ありとあらゆる角度から非モテ男子のネットワーク圏内に現れる人物たちが描かれていた。
脱帽だ。
モテない理由がわからない男子はこの映画を何回も見たほうがいい。
余計な一言が多い、散髪に行かない、瞳孔開いてる知り合いがいる、など、モテないチェックリストが作成できるはずだ。
僕もほどよく当てはまった。
会話の間や、趣味の悪さといったその人物の印象を左右する二次情報、さらに頭で妄想していることを映像化することにより三次情報までも表現しており、経験か、資料を山ほどかき集めるか、詳細な非モテ男子への拷問的インタビューかをしないと実現し得ないはずだ。
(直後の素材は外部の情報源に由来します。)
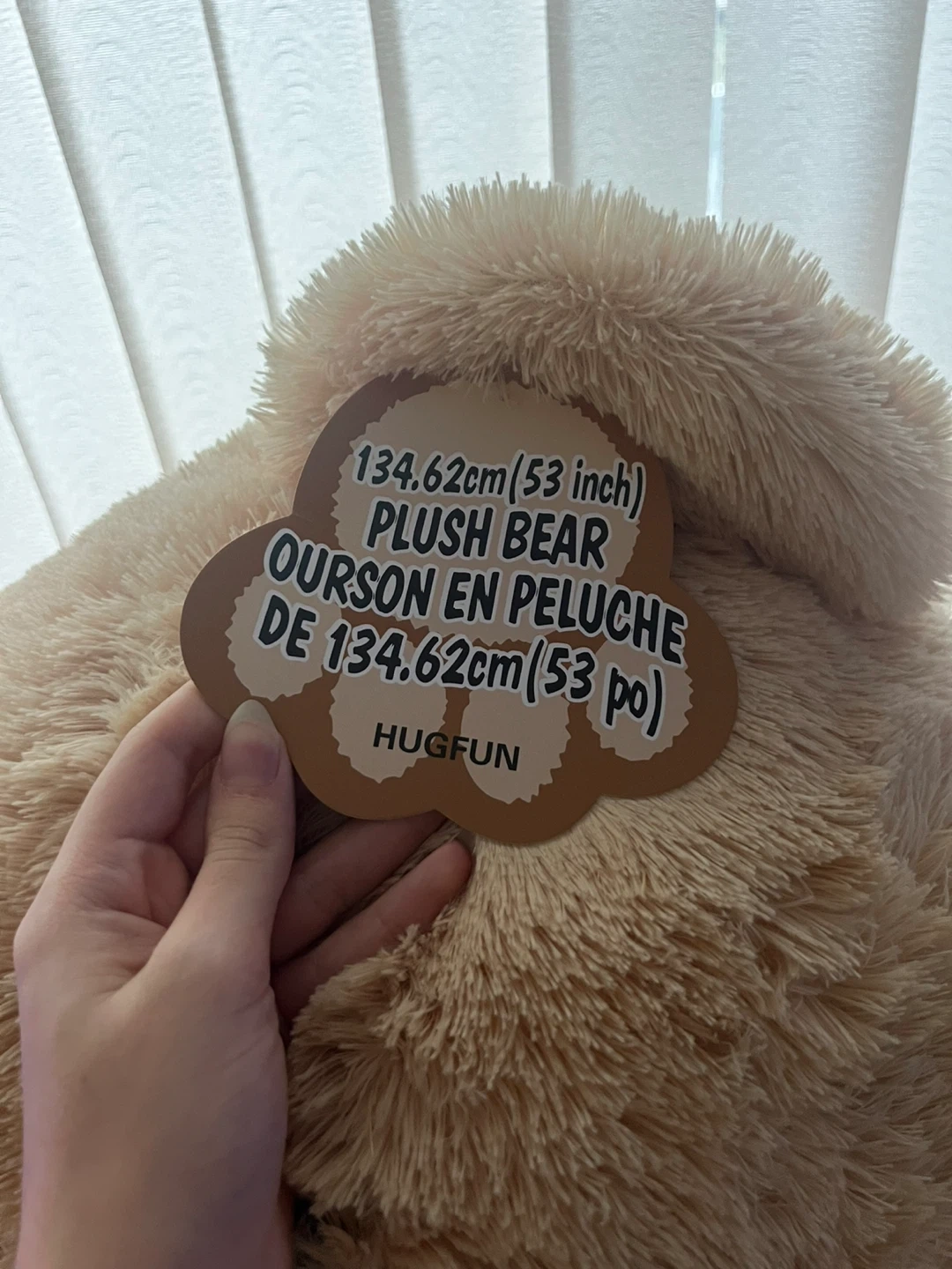Selling a Hugfun plush bear! It's super soft and measures 53 inches (134.62cm). It's in great condition and ready to be cuddled

それに加えて有り余る想像力で、知らないものわからないものはズコズコ創り上げていく映像の建設ラッシュが、もはや見る手の追随を許さない圧倒的な情報量を生み、この映画を信用してしまう。
ホット・ファズ』でも一本あたりに注ぎ込む熱量は画面からはみ出る勢いだったが、今作も負けていない。

女性キャラが空中に舞ったとき瞬間的に見えるパンチラや、パンチがおっぱいにヒットしてしまう可能性の実現をCG混じえつつ映画のワンシーンとして描く心意気は、夢だ。
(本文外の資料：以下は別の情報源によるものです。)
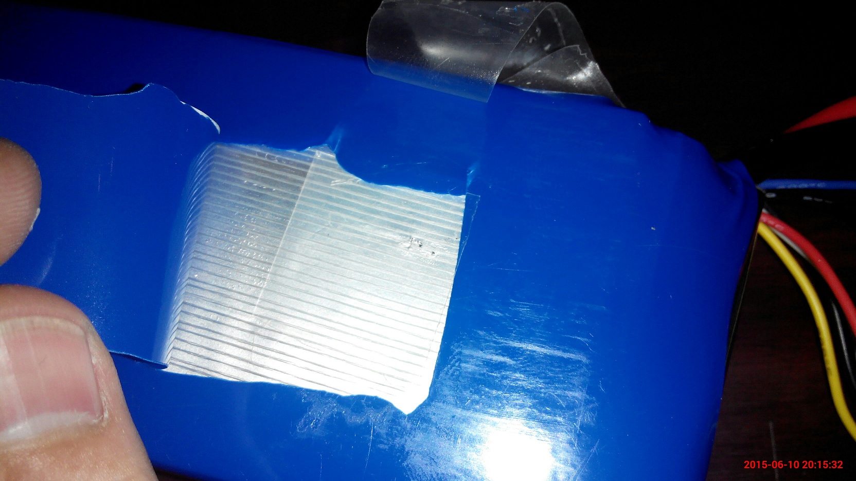 После этого батарея с проблемной ячейкой была извлечена. Наблюдалось небольшое вздутие и повышенная температура (думаю порядка 37-40 грудусов). В принципе, все четыре сборки были одинаково наргеты. На теплую было произведено повторное хирургическое вмешательство для откачки газов из проблемной ячейки :D .

あんなこといいなできたらいいなが散りばめられた映画であり、映画というビジネスとして成り立っている奇跡は全クリエイターを勇気づけるだろう。

非モテ男子目線で言ってきたが、子供心に満ち溢れていることが実は何よりも楽しい。
子供心を大切にする大人になると誓っても、歳を重ねるにつれて知識、経験、責任が増えて、ふと気づいたら思い出すことすら難しくなっている。そして、もういいやと諦める瞬間を迎えた人は一体どれほどいるのだろうか。マジョリティの中で抗い続けることは大量のエネルギーを消費する。誰でも自由を選ぶ権利はあるはずだけれど、「みんながそうしてるから」の波にのまれていつしかその一員になることは自然で心地良いことだ。僕も多くのことを諦めてきた。
そんな中、凄まじい熱量で子供心をぶつけてくるこの映画の存在は僕にとっては非常に大切なのだ。
僕の中にまだ残っている小さな灯火を守り、油を差してくれる映画でもあったのだ。

非モテ男子じゃなくたって大いに楽しめるだろう。
昔にいい思い出があってもなくても、純粋さが見る手の心を動かすのだ。